Allen Park — A year after fielding the worst defense in franchise history, and seeing those struggles continue through the first half of the 2021 season, the Detroit Lions were in desperate need for an identity on that side of the ball.
Whether intentionally borrowed or absorbed through subconscious osmosis, they found one in Pittsburgh coming out of the bye.
Following the team’s exit meetings last week, cornerback Amani Oruwariye sat down with the media before leaving the team’s facility for the last time prior to the start of the offseason. During that interview session he brought with him a stylized padlock, painted in the Steelers’ color scheme. Given to each member of the defense, the solid black lock had yellow lettering that read, “Lock the Gates.”
“It’s just a mentality,” Oruwariye said. “More physical, more fast, just more. We need more. So this is just something to keep with us while we’re watching the playoffs and our blood is boiling watching other teams get to keep playing and not us. Just something to keep with us.”
It could be entirely coincidental the Lions adopted the phrase following their best defensive performance of the season — a 16-16 tie on the road against a franchise that has been defined by its toughness and physicality for decades — but another team that plays their home games at Heinz Field, the University of Pittsburgh, has been using the mantra for years.
Coach Pat Narduzzi, who oversaw the “No Fly Zone” as Michigan State’s defensive coordinator several years back, brought the lock-the-gates mindset with him when he took over as the coach of the Panthers.
“I believe ‘Lock The Gates’ means when you step on that field and there’s an opponent standing out there, you want to lock the gates behind you. You want to fight that opponent until there’s only one standing,” Pitt tight end Tyler Sear said in 2018.
And its usage in Pittsburgh goes back even further, to when longtime Ravens linebacker Terrell Suggs used the phrase during a 2012 interview to describe playing on the road against the rival Steelers.
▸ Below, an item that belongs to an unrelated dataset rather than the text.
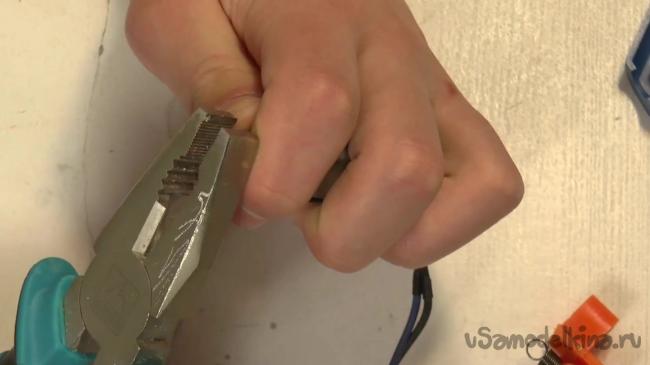 Сам носик клеевого пистолета нужны слегка сплющить. Делать это можно при помощи плоскогубцев, но стоит быть аккуратным, чтобы не переусердствовать. Если у вас, как у автора, окажется, что носик изготовлен из пластика, то после сплющивания можно его намотать скотчем, который устойчив к температуре. Таким образом мы уменьшили пространство для клея и на выходе он будет намного тоньше.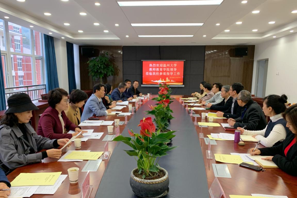 为加强人才培养的全过程管理,从源头上提升学前专科生的培养质量,2019年11月27日下午,91吃瓜 党委书记何毅、副书记彭小媚、学前系主任李娟、副主任陈铿及教学科、学前教育科负责人和部分专任教师等一行近十人赴91吃瓜 专科教学点温州市中等幼儿师范学校进行调研并开展检查指导工作。温州市中等幼儿师范学校校长蒋高烈、副校长戚强建和各科室负责人接待91吃瓜 指导检查组一行。

“When we go down to Heinz Field and you see the towels, and you see the colors, you know you’re in a fight,” Suggs said. “As soon as we walk in their stadium, they’re going to lock the gates. But that’s what we want. We definitely want them to lock the gates behind us so we can get in there and we can have it out.”
The Lions remain a far cry from those great Steelers and Ravens units, and aren’t really on the same relative level as the University of Pittsburgh, but there’s little doubt the team made marked defensive improvements starting with that Pittsburgh game.
Through the first eight weeks of the 2021 campaign, first-year defensive coordinator Aaron Glenn spent his time plugging leak after leak, while trying to remain upbeat. But before the players left for the bye week, the group symbolically buried the film from those early-season contests, with several stomping on the dirt after the deed was done.
At that stage in the season, the Lions were allowing more than 30 points per game and had been historically brutal in the red zone, allowing touchdowns on 20 of 24 trips inside the 20-yard line. Glenn needed his players to forget those struggles and come back from their brief break anew.
And to a large extent they did. Starting with the Pittsburgh game, the Lions made critical improvements in three areas. First and foremost, they got much better in the red zone, trimming opponents’ success rate by 22%. Secondly, the Lions forced more turnovers, increasing their per game production by more than 50%.
And, as you might imagine, those two things directly impacted the most important stat, points. Across the final nine games, the Lions cut scoring by nearly six points per game, down to a respectable 24.8 average.
And that includes the ugly bump in the turnaround, when the Lions surrendered 50 points for just the seventh time in franchise history during the Super Bowl era in a 51-29 loss on the road to the Seattle Seahawks.
That did little to quell the optimism generated the final nine games.
“The sky’s the limit,” Oruwariye said. “Just had our last exit meeting with the defense and that’s all we really talked about, just building on the foundation. We definitely had a culture shift, I would say, at least defensively, after the bye week. That’s what this (the lock) is about: Lock the Gates. It was the Pittsburgh game. That was the one where we felt like the mentality switched.”